Chris McGreal reports from Ras Lanuf, where thousands of young volunteers now provide the bulk of the rebel force that has swept along Libya’s eastern coast:

Gaddafi’s air force has bombed Ras Lanuf repeatedly, cutting off the town’s water supply on Tuesday and destroying housing. On Monday the victims included a civilian, Mohammed Ashtal, who was killed with three of his children when an air strike hit their car.

The bombing has put the inexperienced fighters on edge as they constantly scan the sky for planes. Every now and then a shout goes up. Someone claims there is a MiG jet. No one can see it but hundreds of weapons let loose in a futile wave of fire in every direction. Young men swivel anti-aircraft guns, letting go bursts of shells with a deadening thud. Kalashnikov bullets pop furiously.

Not long after one such false alarm, the young fighters raced out of town towards the front despite the pleas of their more experienced commanders to maintain their defensive lines and positions guarding a nearby oil refinery.

It was all very worrying for Fathi Mohammed, torn between admiration of young men willing to risk their lives in pursuit of freedom and despair at their lack of discipline. The 46-year-old former captain in Gaddafi’s special forces is trying to instil some organisation in the bands of fighters who have descended on Ras Lanuf.

“They’re not under control,” he said. “Some of these guys, they just took guns from the military camp in Benghazi and came here without anyone knowing what they are doing. We are trying to make them into organised teams but it’s not easy.”

Rajab Hasan, another former soldier tasked with training, chipped in: “They need a leader. We don’t have enough leaders.”

Mohammed expressed his concern at the implications of all this carefully. The rebel army has done well until now, advancing and then staving off attempts by Gaddafi’s forces to break through. But he acknowledged that the rebels could face a problem if its enemy is able to launch a sustained attack.

Mohammed does not want to concede that defeat might be a possibility, even though a rumour has swept the rebels that Gaddafi is amassing tanks for a frontal assault. But he does recognise that victory is not certain. “It’s not impossible to get to Tripoli. If God is with us,” he said. Still, Mohammed does not question the courage of the young fighters. “They are brave. They have the courage. It’s a popular war. There’s a lot of enthusiasm.”

The New York Times reports:

In less than three weeks, an inchoate opposition in Libya, one of the world’s most isolated countries, has cobbled together the semblance of a transitional government, fielded a ragtag rebel army and portrayed itself to the West and Libyans as an alternative to Col. Muammar el-Qaddafi’s four decades of freakish rule.

But events this week have tested the viability of an opposition that has yet to coalesce, even as it solicits help from abroad to topple Colonel Qaddafi’s government.

Rebels were dealt military setbacks in Zawiyah and the on outskirts of Ras Lanuf on Tuesday, part of a strengthening government counteroffensive. Meanwhile, the oppostion council’s leaders contradicted one another publicly. The opposition’s calls for foreign aid have amplified divisions over intervention. And provisional leaders warn that a humanitarian crisis may loom as people’s needs overwhelm fledgling local governments.

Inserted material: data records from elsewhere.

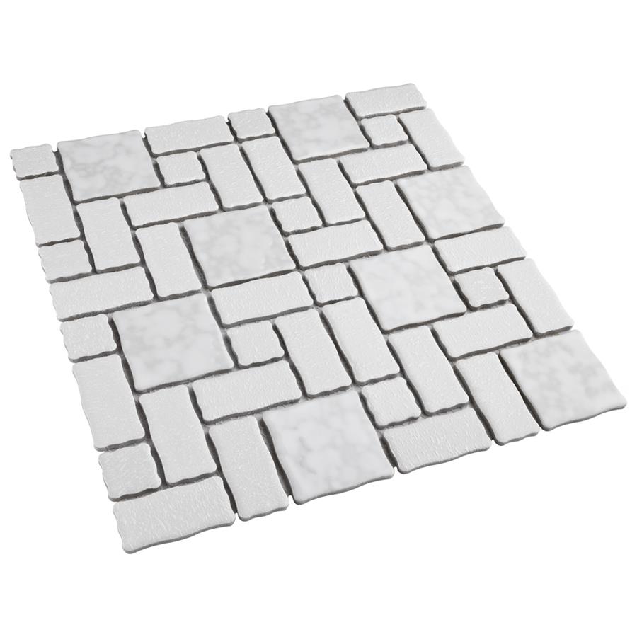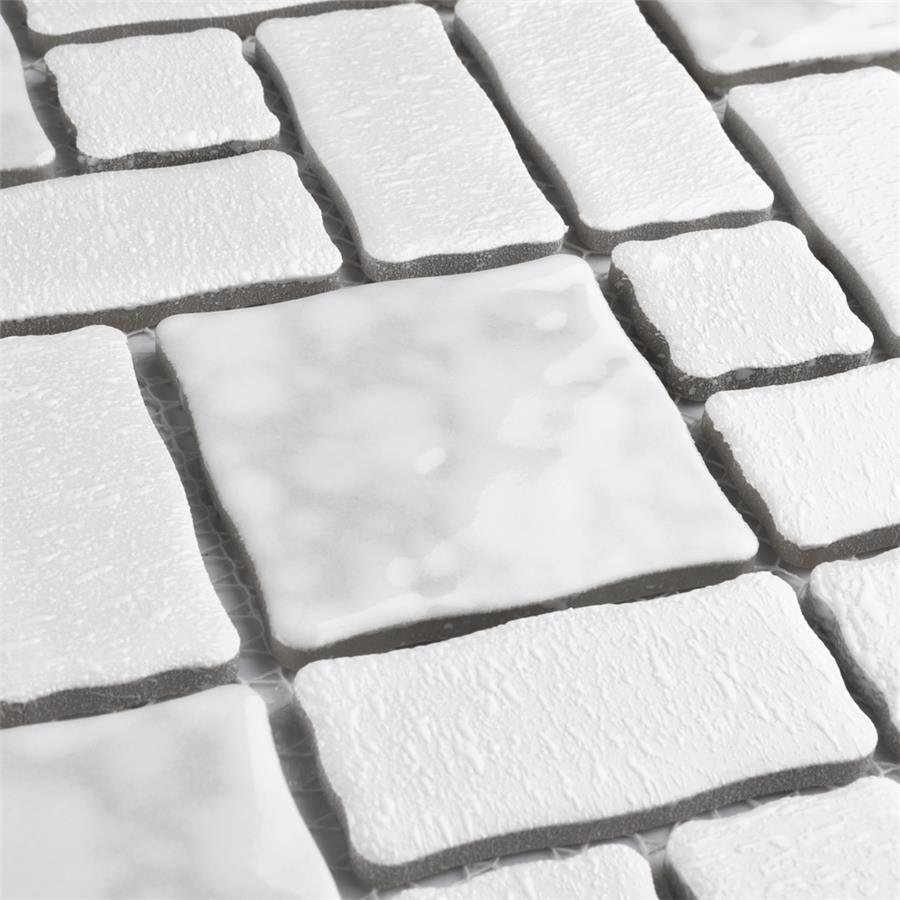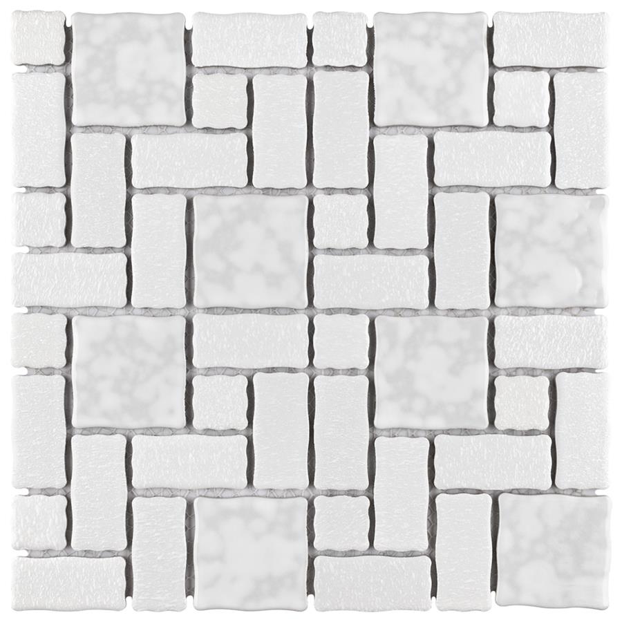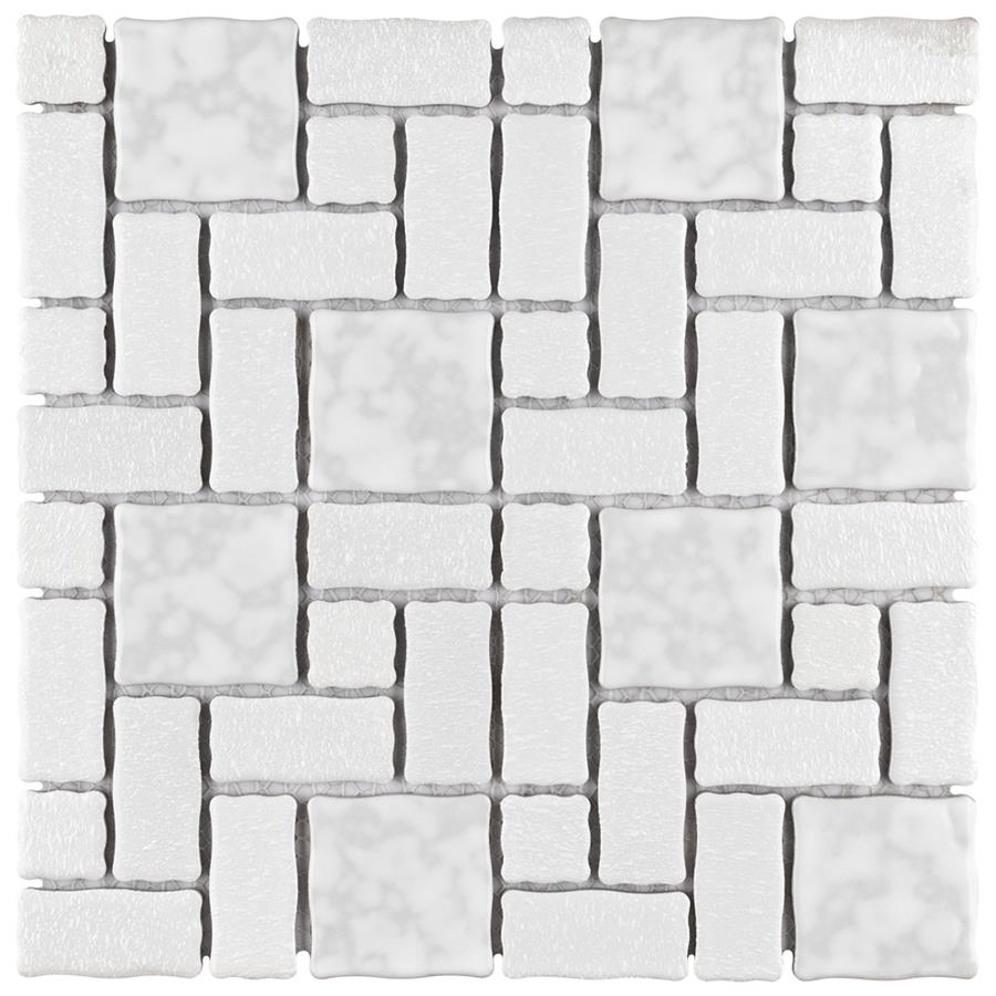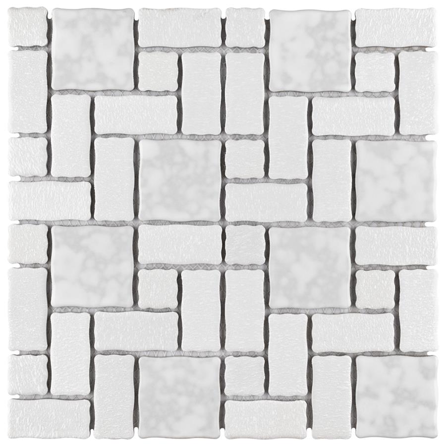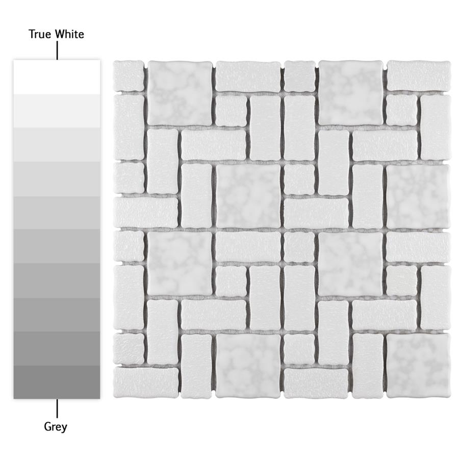 The SomerTile Academy White 11-3/4 in. x 11-3/4 in. x 5 mm Porcelain Mosaic Tile is reminiscent of traditional, multi-texture and multi-color porcelain mosaic floor tile. Featuring a mottled finish and muted color palette, these tiles recreate a classic look with the durability and versatility of a modern tile. Use this tile virtually anywhere, due to its frost resistance, high slip resistance and P.E.I. rating of 4.
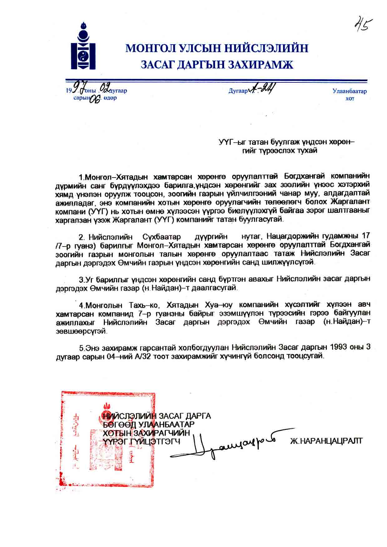 | Шийдвэр | Огноо | Дугаар |
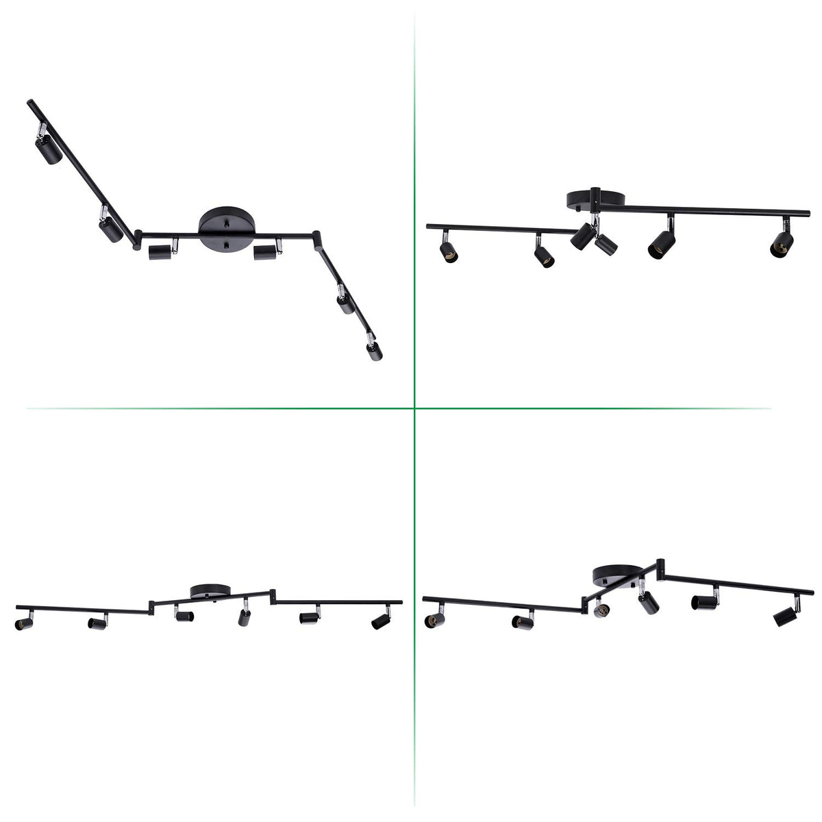 Aiboo 6-Light Adjustable Dimmable Track Lighting Kit, Flexible Foldable Arms, Matt Black Color Perfect For Kitchen,Hallyway Bed Room Lighting Fixture, Gu10 Base Bulbs Not Included

“I am Libya,” Colonel Qaddafi boasted after the uprising erupted. It was standard fare for one of the world’s most outrageous leaders — megalomania so pronounced that it sounded like parody. It underlined, though, the greatest and perhaps fatal obstacle facing the rebels here — forging a substitute to Colonel Qaddafi in a state that he embodied.

“We’ve found ourselves in a vacuum,” Mustafa Gheriani, an acting spokesman for the provisional leadership, said Tuesday in Benghazi, the rebel capital. “Instead of worrying about establishing a transitional government, all we worry about are the needs — security, what people require, where the uprising is going. Things are moving too fast.”

“This is all that’s left,” he said, lifting his cellphone, “and we can only receive calls.”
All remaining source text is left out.